After completing the standard questionnaire patients are being randomly allocated to two treatment groups; one would be treated with acupressure and other would have any other type of physical therapy. After the results were analyzed disability score was significantly lower in the acupressure group than in the physical therapy group.

Acupressure did not only help to relieve the back pain but has also helped to decrease the disability rate to in more than ninety percent of the individual compared to other physical therapy. Then it could be rightly stated that the result of the research predominantly supports the conclusion of previous studies. Acupressure may thus be useful for reliving the back pain along with improving body functionality and level of disability in back.

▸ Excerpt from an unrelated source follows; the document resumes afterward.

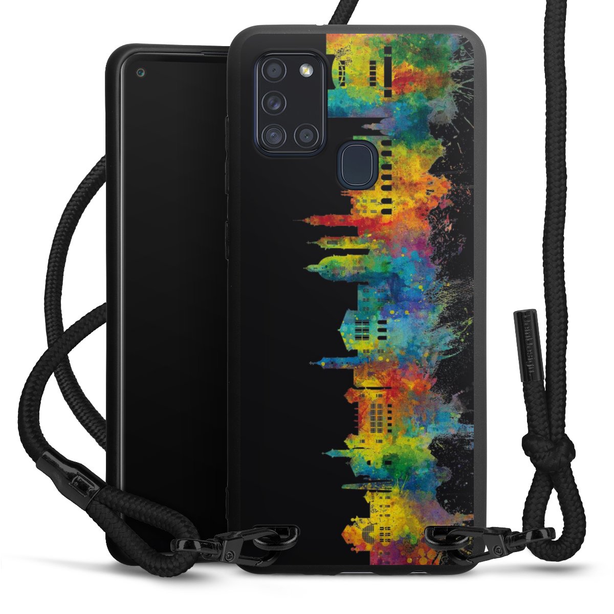 We use the solid direct print process for this phone case, which is why the print area only covers the back and the edge remains unprinted. The case to wear around your neck can be ordered unprinted, fully printed, or partially printed. For your design, either choose one of our exclusive shop motifs or get creative and create your own design, for example with photos and overlays. Design your own personal trend accessory and make an individual statement on the streets!
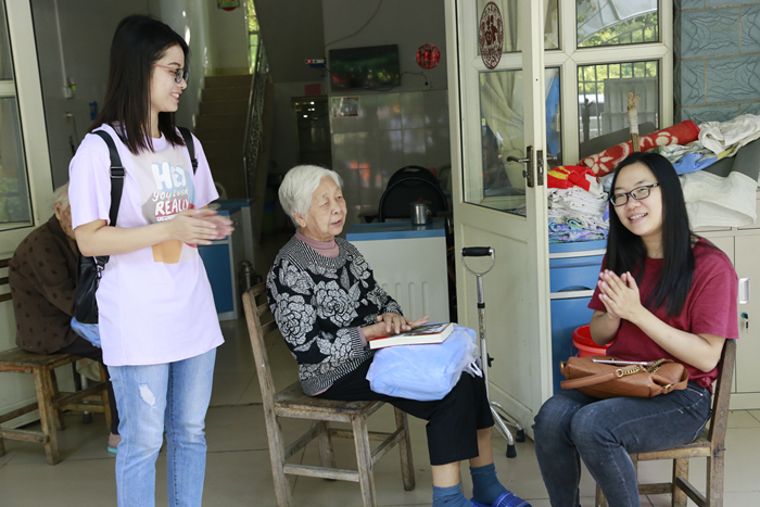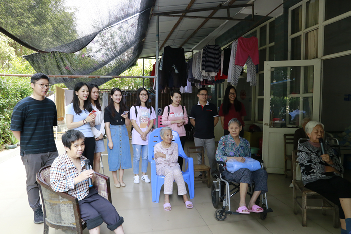 志愿者們圍坐在老人旁邊,詢問(wèn)他們的生活情況、身體情況,叮囑他們注意保暖、保重身體,傾聽(tīng)他們的人生故事和叮嚀告誡,并為給他們唱紅歌、讀故事、講新聞,豐富他們的精神生活。老人們對(duì)志愿者的到來(lái)感到十分高興,和志愿者一起合唱《團(tuán)結(jié)就是力量》、《歌唱祖國(guó)》、《沒(méi)有共產(chǎn)黨就沒(méi)有新中國(guó)》等歌曲。護(hù)老院處處洋溢著歡樂(lè)的氣氛,老人們的臉上洋溢著幸福。

To treat continual back pain, firm pressure should be applied to acupressure points on the Bladder and Gallbladder meridians to relieve pain and stimulate the flow of qi. Pressing the B 54 acupressure point, which is located behind knees, may help remove pain and pressure away from back. Follow the steps below to stimulate the B54 point:

1. Lie on back with legs up and knees bent.
2. Place the fingertips in the center of the crease behind each knee.
3. Hold on to these points; gently move the legs back and forth for one minute with breathe deeply.
4. Let the feet rest flat on the floor, with the knees bent, and relax.This exercise should be repeated at least three times a day.